Showing existence in congruence $q\equiv d^k+\frac{mp_n\#}d\pmod{p_n\#}$

Question

The basic (updated) problem is

Given $n\in\Bbb N,q:(q,p_n\#)=1$, show that there exist $d\mid p_n\#,k\ge 1,m\in [1,p_n-1]$ such that $q\equiv d^k+\frac{mp_n\#}d\pmod{p_n\#}$.

(Note that $d$ is allowed to be negative. Here $p_n\#$ refers to the primorial of the $n$th prime.)

So far I've got proof for $n=3, p_n\#=30$, and I'm using that as the base case for an inductive approach. So taking $n\ge 3, q_1:(q_1,p_{n+1}\#)=1$, we have that $\exists d_0\mid p_n\#,k_0\ge 1,m\in[1,p_n-1]$ such that $q_1\equiv d_0^{k_0}+\frac{mp_n\#}{d_0}\pmod {p_n\#}$. Since $(p_{n+1},p_n\#)=1$, there exists $u:p_{n+1}^u\equiv 1\pmod{\frac{p_n\#}{d_0}}$, so we also have $q_1\equiv d_0^{k_0}p_{n+1}^u+\frac{mp_n\#}{d_0}\pmod {p_n\#}$, and I can get really close with $\exists m_1:q_1\equiv d_0^{k_0}p_{n+1}^u+\frac{(d_0m_1+m)p_{n+1}\#}{d_0p_{n+1}}\pmod {p_{n+1}\#}$, but I'm not certain how to show that $\exists f: (d_0p_{n+1})^f\equiv d_0^{k_0}p_{n+1}^u\pmod {p_{n+1}\#}$.

Additionally, I can see that $d_0p_{n+1}q_1\equiv d_0^{k_0+1}p_{n+1}^{u+1}\pmod{p_{n+1}\#}$. This implied form would be excellent if I could prove that it in turn implies the desired form above.

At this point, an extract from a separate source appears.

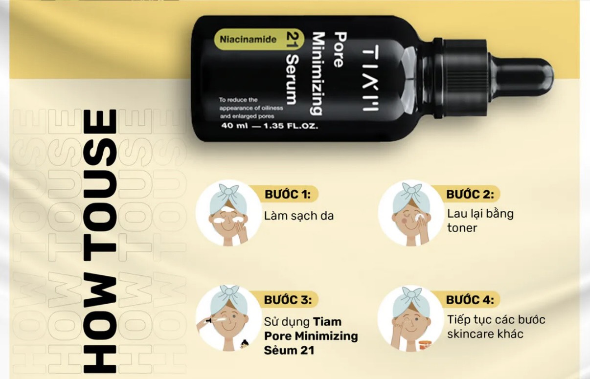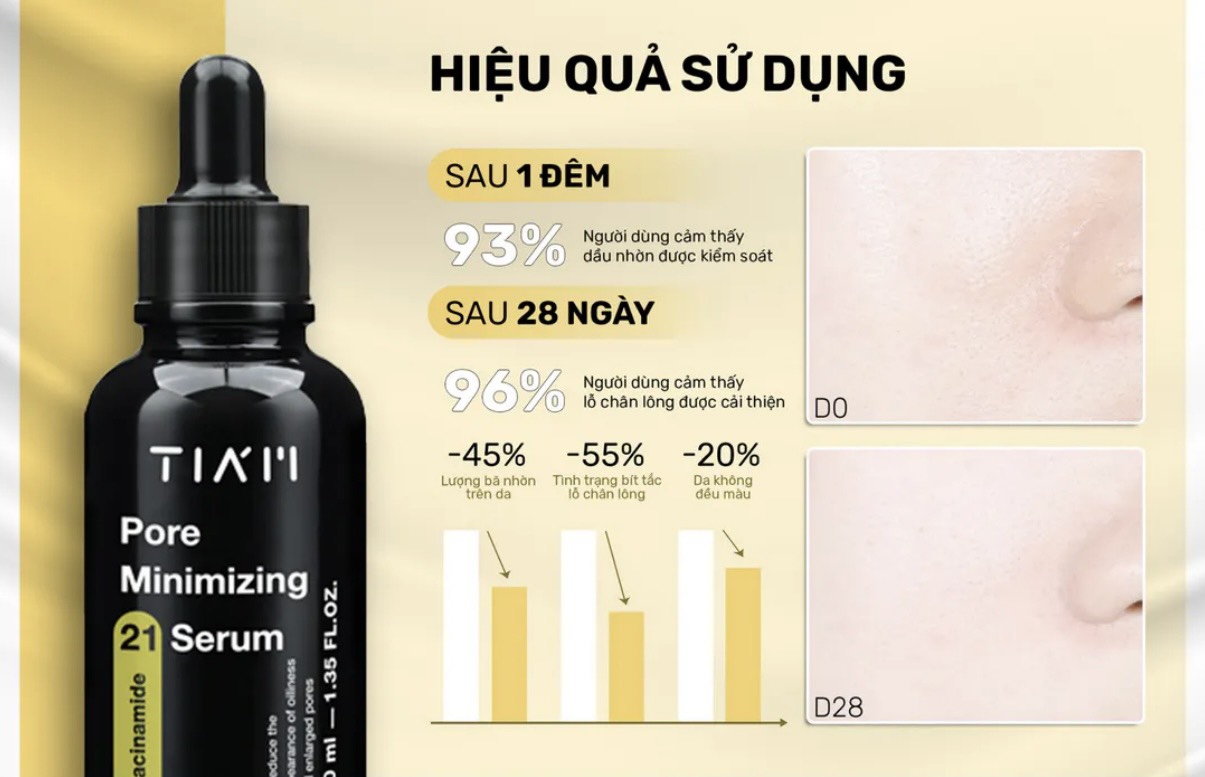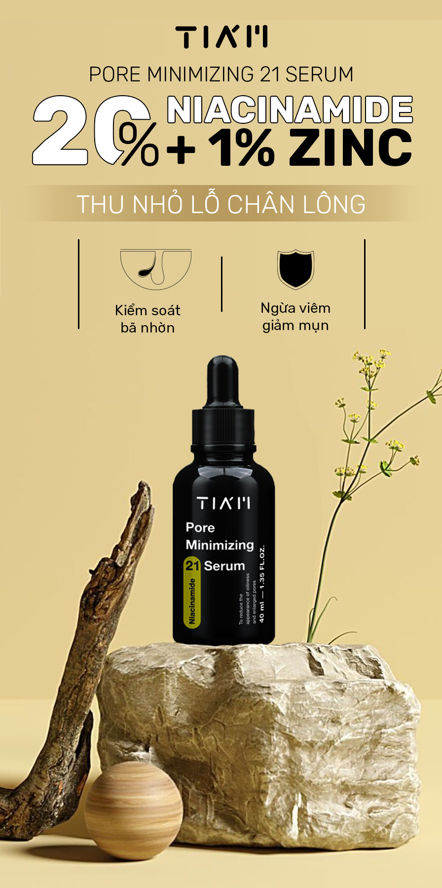 - Serum Tiam Tinh Chất Kiểm Soát Dầu Nhờn Niacinamide 20% Tiam Pore Minimizing 21 Serum với Niacinamide 20% nồng độ cao có công dụng điều tiết lượng dầu thừa trên da, giúp thu nhỏ lỗ chân lông, cải thiện tình trạng bít tắc lỗ chân lông, hỗ trợ làm đều màu da và làm sáng da, hỗ trợ giảm viêm và phục hồi da bị yếu, hư tổn.

Is there a better approach for this question, or perhaps an additional step I'm not seeing? This is not homework; yes, this does mean that it is possible for the problem statement to be false in general, although the (limited) heuristics I have so far indicate it should hold (up through $n=12$ so far).

Answer 1

The conjecture as stated joins the previous versions in being false. The question in one edit incorrectly states that the conjecture was proven up through $n=20$, while a programming error caused a missed value for $n=13,q=23$. The most that it is possible to say is that

$$\tag{1}\forall q:(q,p_n\#)=1, \exists d\mid p_n\#,\exists m:(m,d)=1,\exists k_i\in\Bbb N:\\q\equiv\prod_{r'\mid d}r'^{k_{r'}}+\frac{mp_n\#}d\pmod{p_n\#}$$

(Note that $r'$ is read as "$r$ is prime".) This version is effectively proven in the question, but for the sake of clarity here is the full proof: taking that the statement $(1)$ holds by the direct claim in the question for $n=3$, assume that it also holds for some arbitrary $n=s$ and let arbitrary $q:(q,p_{s+1}\#)=1$ be given. Then we have $(q,p_s\#)=1$ also, allowing $\exists d\mid p_s\#,\exists m:(m,d)=1,\exists k_i\in\Bbb N:q\equiv\prod_{r'\mid d}r'^{k_{r'}}+\frac{mp_s\#}d\pmod{p_s\#}$. Since we further have $(p_{s+1},p_s\#)=1$, there is a $u\in\Bbb N:p_{s+1}^u\equiv 1\pmod{p_s\#}$. Then we also have $q\equiv p_{s+1}^u\prod_{r'\mid d}r'^{k_{r'}}+\frac{mp_{s+1}\#}{dp_{s+1}}\pmod{p_s\#}$, which can be finally combined with a multiple of $p_s\#$ as $\exists m_1\in[1,p_{s+1}-1]:q\equiv \prod_{r'\mid dp_{s+1}}r'^{k_{r'}}+\frac{(m_1d+m)p_{s+1}\#}{dp_{s+1}}\pmod{p_{s+1}\#}$. This is the required form, and $q$ was arbitrary within the correct range, proving the statement $(1)$.